START Information

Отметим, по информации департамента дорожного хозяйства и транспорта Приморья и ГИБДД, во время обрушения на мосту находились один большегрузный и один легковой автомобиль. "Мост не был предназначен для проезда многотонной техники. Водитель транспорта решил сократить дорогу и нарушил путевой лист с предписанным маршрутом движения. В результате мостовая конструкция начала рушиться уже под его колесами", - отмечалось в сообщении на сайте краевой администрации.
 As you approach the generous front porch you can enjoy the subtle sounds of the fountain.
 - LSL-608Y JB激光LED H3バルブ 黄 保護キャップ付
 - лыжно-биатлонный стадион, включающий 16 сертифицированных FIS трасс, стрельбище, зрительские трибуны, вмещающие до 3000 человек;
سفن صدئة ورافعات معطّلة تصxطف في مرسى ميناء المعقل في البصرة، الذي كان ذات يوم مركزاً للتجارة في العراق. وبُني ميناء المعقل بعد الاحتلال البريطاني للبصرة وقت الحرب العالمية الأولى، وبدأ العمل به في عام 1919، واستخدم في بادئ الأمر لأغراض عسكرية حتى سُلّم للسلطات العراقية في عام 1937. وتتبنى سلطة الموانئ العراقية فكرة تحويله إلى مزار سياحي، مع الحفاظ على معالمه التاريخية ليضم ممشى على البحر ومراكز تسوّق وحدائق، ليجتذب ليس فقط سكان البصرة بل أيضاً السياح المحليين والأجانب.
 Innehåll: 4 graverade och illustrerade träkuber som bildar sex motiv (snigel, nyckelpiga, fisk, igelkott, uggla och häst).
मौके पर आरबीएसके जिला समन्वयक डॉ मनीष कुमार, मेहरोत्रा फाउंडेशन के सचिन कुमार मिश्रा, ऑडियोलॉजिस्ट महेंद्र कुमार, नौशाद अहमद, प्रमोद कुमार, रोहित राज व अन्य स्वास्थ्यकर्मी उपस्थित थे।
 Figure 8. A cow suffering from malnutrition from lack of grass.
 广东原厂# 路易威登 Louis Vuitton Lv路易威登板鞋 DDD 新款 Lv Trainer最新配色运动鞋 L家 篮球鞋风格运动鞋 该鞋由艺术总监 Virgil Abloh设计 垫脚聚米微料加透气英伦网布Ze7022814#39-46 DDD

END Information
START Information

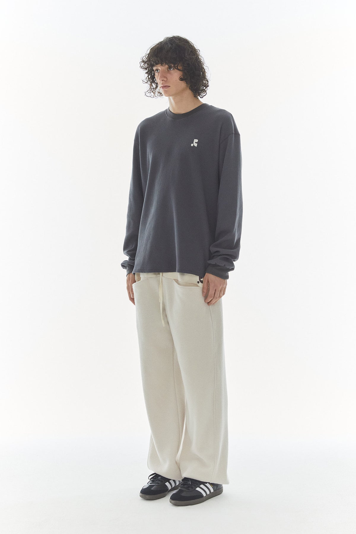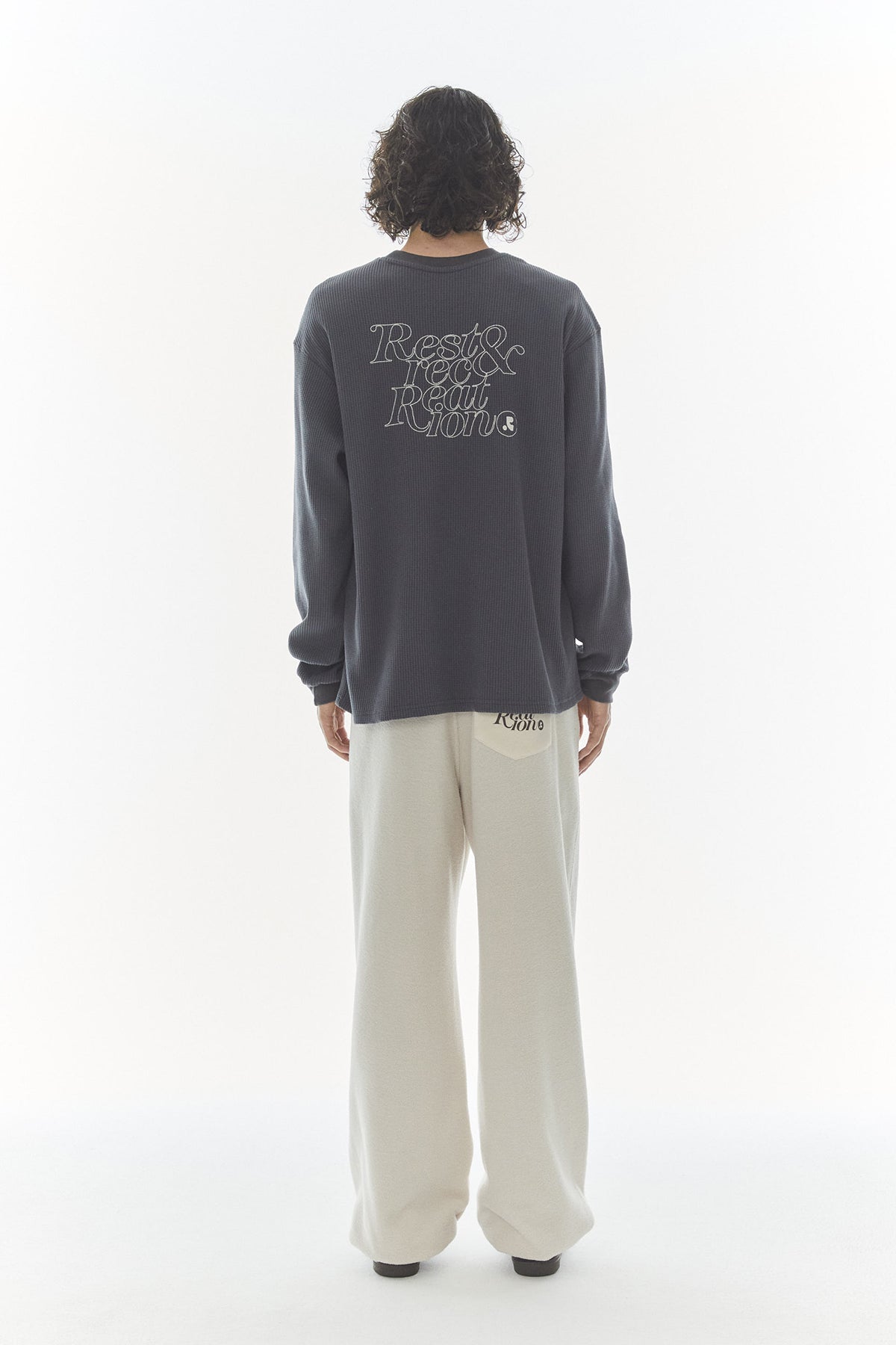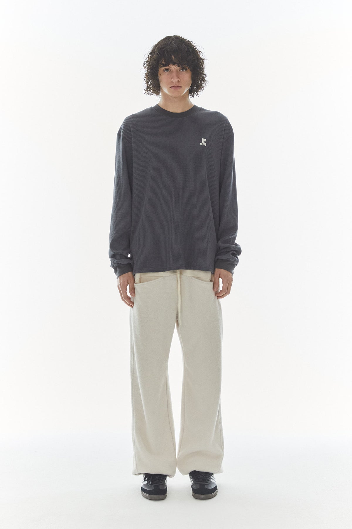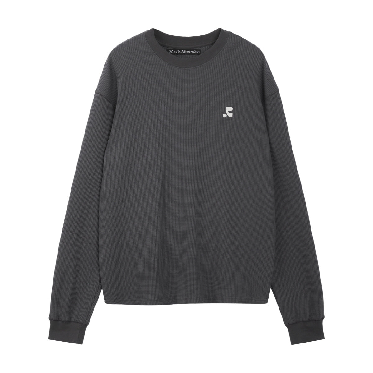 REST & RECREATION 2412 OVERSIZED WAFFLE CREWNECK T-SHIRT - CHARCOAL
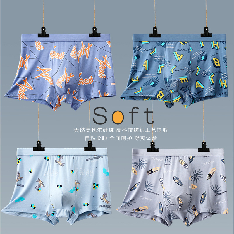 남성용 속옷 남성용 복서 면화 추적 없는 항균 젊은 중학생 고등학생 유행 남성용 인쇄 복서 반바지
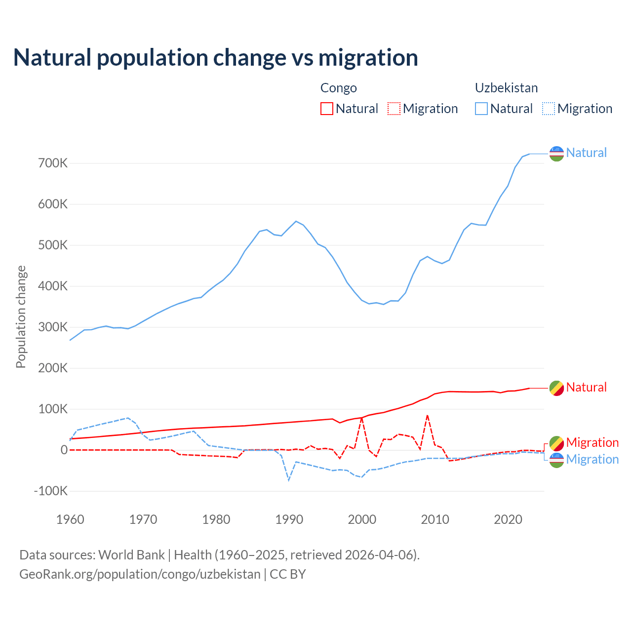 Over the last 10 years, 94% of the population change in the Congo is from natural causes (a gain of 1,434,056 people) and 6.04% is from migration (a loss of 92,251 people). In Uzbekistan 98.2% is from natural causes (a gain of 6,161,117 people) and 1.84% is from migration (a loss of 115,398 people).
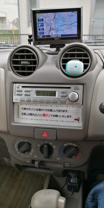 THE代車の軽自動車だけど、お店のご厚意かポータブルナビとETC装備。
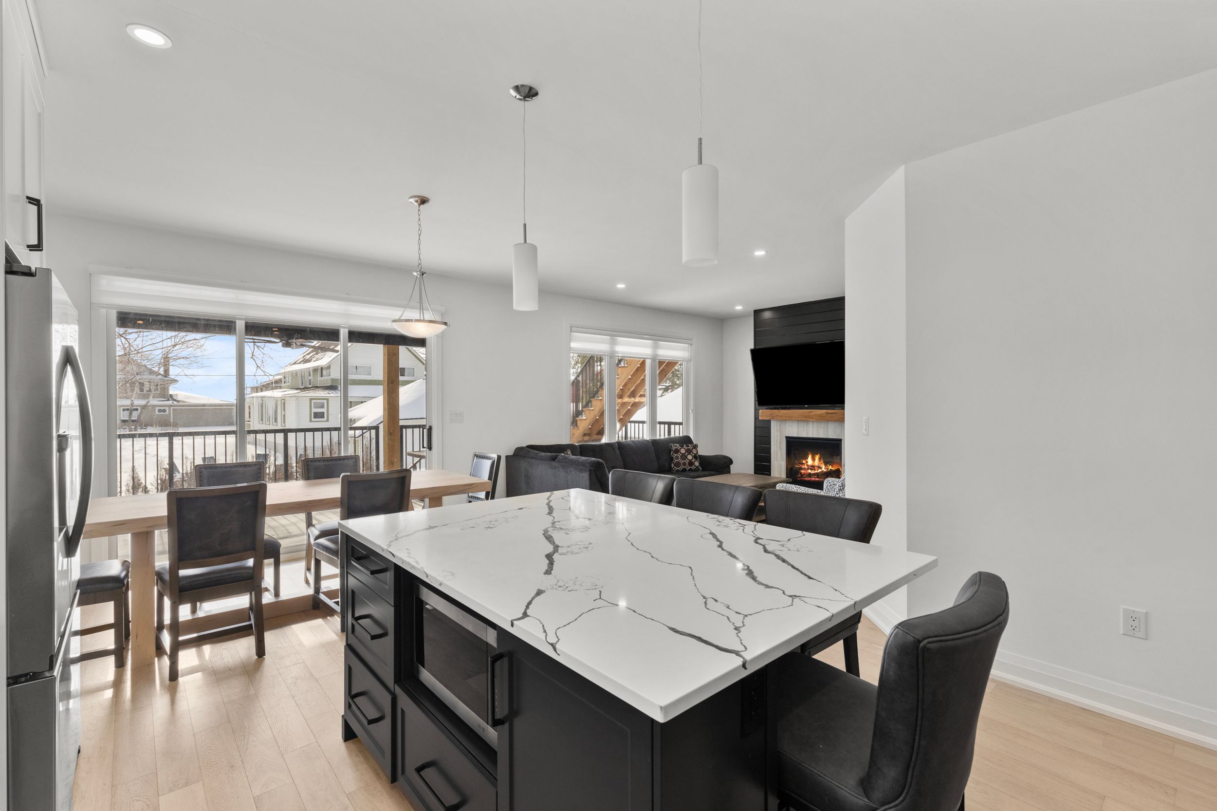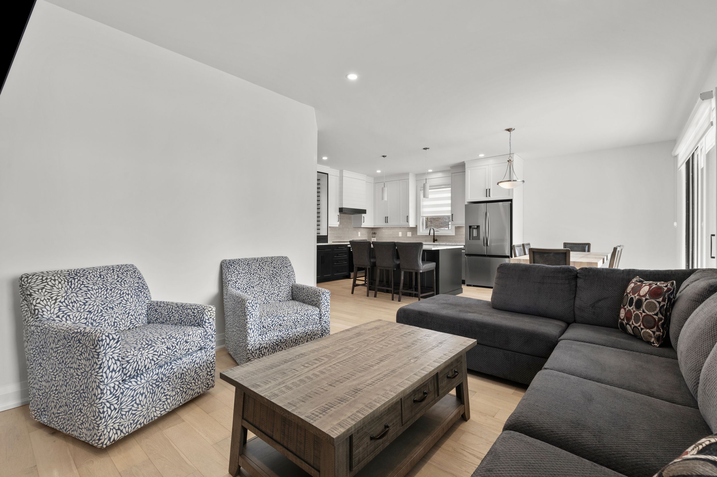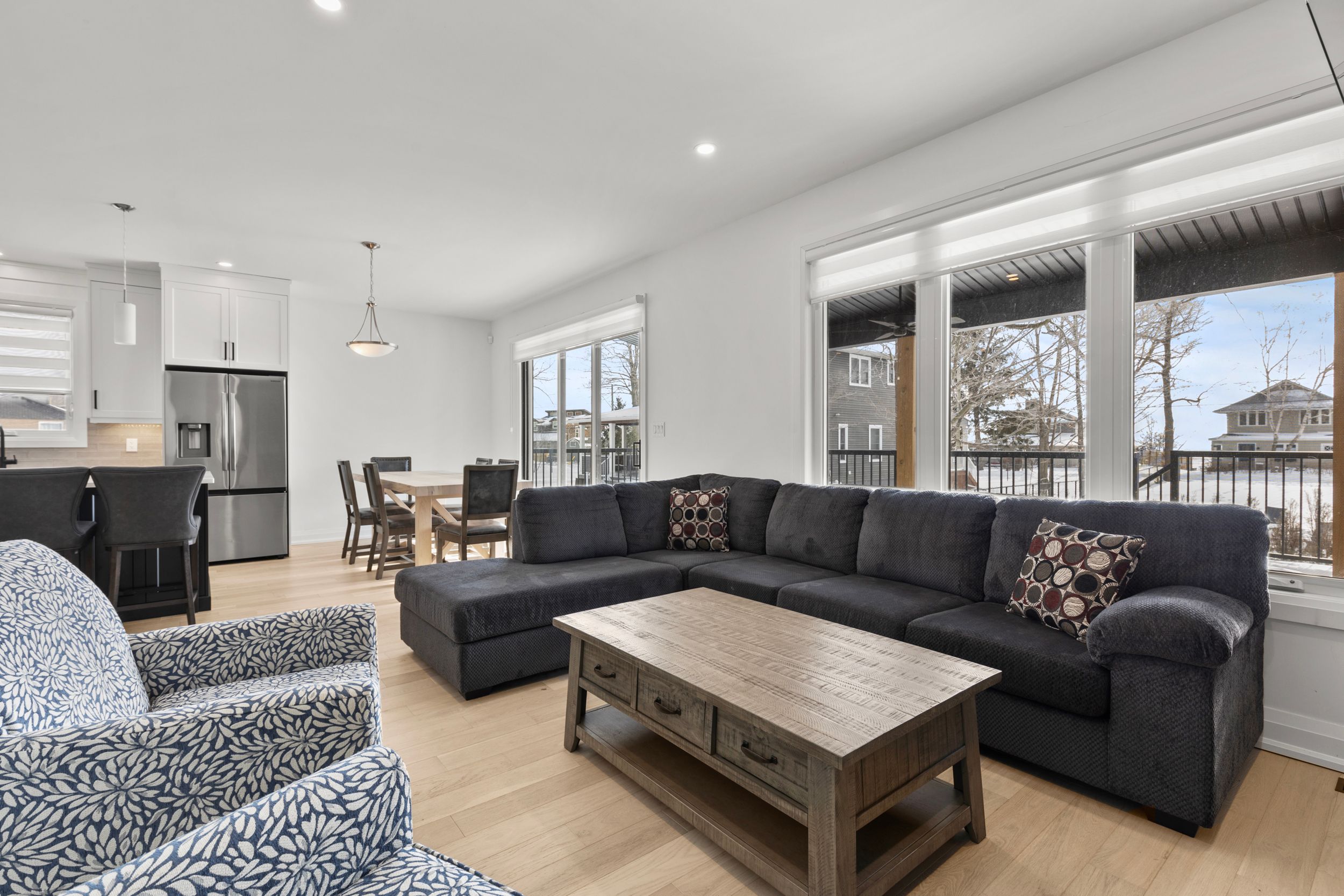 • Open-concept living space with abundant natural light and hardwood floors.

END Information

● Try it: Nothing but the lines above from the one containing "मौके पर आरबीएसके" through the one containing "广东原厂# 路易威登 Louis" should appear in the answer, each repeated exactly.

● Task response:
मौके पर आरबीएसके जिला समन्वयक डॉ मनीष कुमार, मेहरोत्रा फाउंडेशन के सचिन कुमार मिश्रा, ऑडियोलॉजिस्ट महेंद्र कुमार, नौशाद अहमद, प्रमोद कुमार, रोहित राज व अन्य स्वास्थ्यकर्मी उपस्थित थे।
 Figure 8. A cow suffering from malnutrition from lack of grass.
 广东原厂# 路易威登 Louis Vuitton Lv路易威登板鞋 DDD 新款 Lv Trainer最新配色运动鞋 L家 篮球鞋风格运动鞋 该鞋由艺术总监 Virgil Abloh设计 垫脚聚米微料加透气英伦网布Ze7022814#39-46 DDD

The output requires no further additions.